[development] #drupal / #drupal-dev split considered harmful

Earl Miles merlin at logrus.com
Tue Jul 31 22:51:34 UTC 2007


Angela Byron wrote:
> So please, #drupal-dev goers, either finish what you started by actively 
> working in #drupal to make it more newbie-friendly, or abandon the 
> experiment. So far, this feels like a net loss for the community.

This is a lovely thought; however, resistance to the idea of #drupal-dev makes 
it fairly difficult to actually change #drupal. The fact that various people 
are refusing to set foot in #drupal-dev shows me that any attempt to change 
#drupal is going to be met with resistance, as it has in the past.

So sure, you can ask us to change #drupal, but we haven't the power. Those of 
us who moved to #drupal-dev have done what we have the power to do. The -dev 
channel has been more focused and more useful since we moved there; people who 
were avoiding #drupal because it had become too big/loud/difficult to follow 
are willing to hang out in -dev again.

I'll be happy to spend time in #drupal again and help transform it, but I don't 
see how that can happen until the people who object to #drupal-dev's existence 
cease their objections. In general, the sign (to me) that such a thing has 
happened is when the more vocal opponents are willing to go into the channel.

I've been avoiding talking about this in public. The debate itself makes me 
angry; sometimes unreasonably so.
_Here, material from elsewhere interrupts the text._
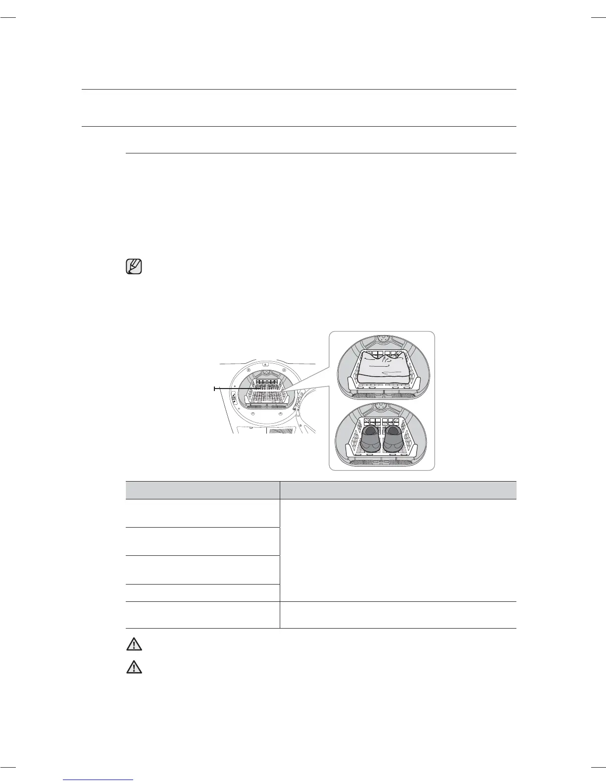 Since damage may result when drying shoes, use the Rack Dry course to dry shoes.

Case in point: I went off on sepeck, 
undeservedly, the other night, for being somewhat snide about the channel. And 
people such as killes and Steven who've been around a LOT longer than I have 
are on the list of people who object to #drupal-dev. If transforming #drupal 
means fighting them, I'm not going to do that. I'm going to use #drupal-dev as 
a focused room for development, instead, for as long as there are people 
willing to go there.

I left #drupal as a way of drawing people over to the -dev channel. At this 
point, the only people who aren't there are 1) people who don't know about it, 
and 2) people who refuse to acknowledge it. The only way to fix 1) is to make a 
lot of noise about it. I've tried to avoid doing that. The way to fix 2) 
probably includes a long fight about justifications. I'm not interested in a 
fight. I'm interested in an environment where I can get things done.

I wrote about my objections to the atmosphere in #drupal as my seventh blog 
post on Angry Donuts: http://www.angrydonuts.com/drupal_and_user_experience -- 
in the year and a half that has passed since I wrote that post, my basic 
opinion has not changed. The arguments against -dev have not swayed me. The 
only reason -dev didn't exist earlier is that it takes a group of people to 
make the transition at once.

We cannot transform #drupal over the objections of the people who control 
#drupal. We can make #drupal-dev into the channel we want it to be; the people 
who control #drupal can decide to change it, or decide not to, or they can 
simply not decide and allow blame to shift to those who choose to hang out in 
#drupal-dev rather than #drupal.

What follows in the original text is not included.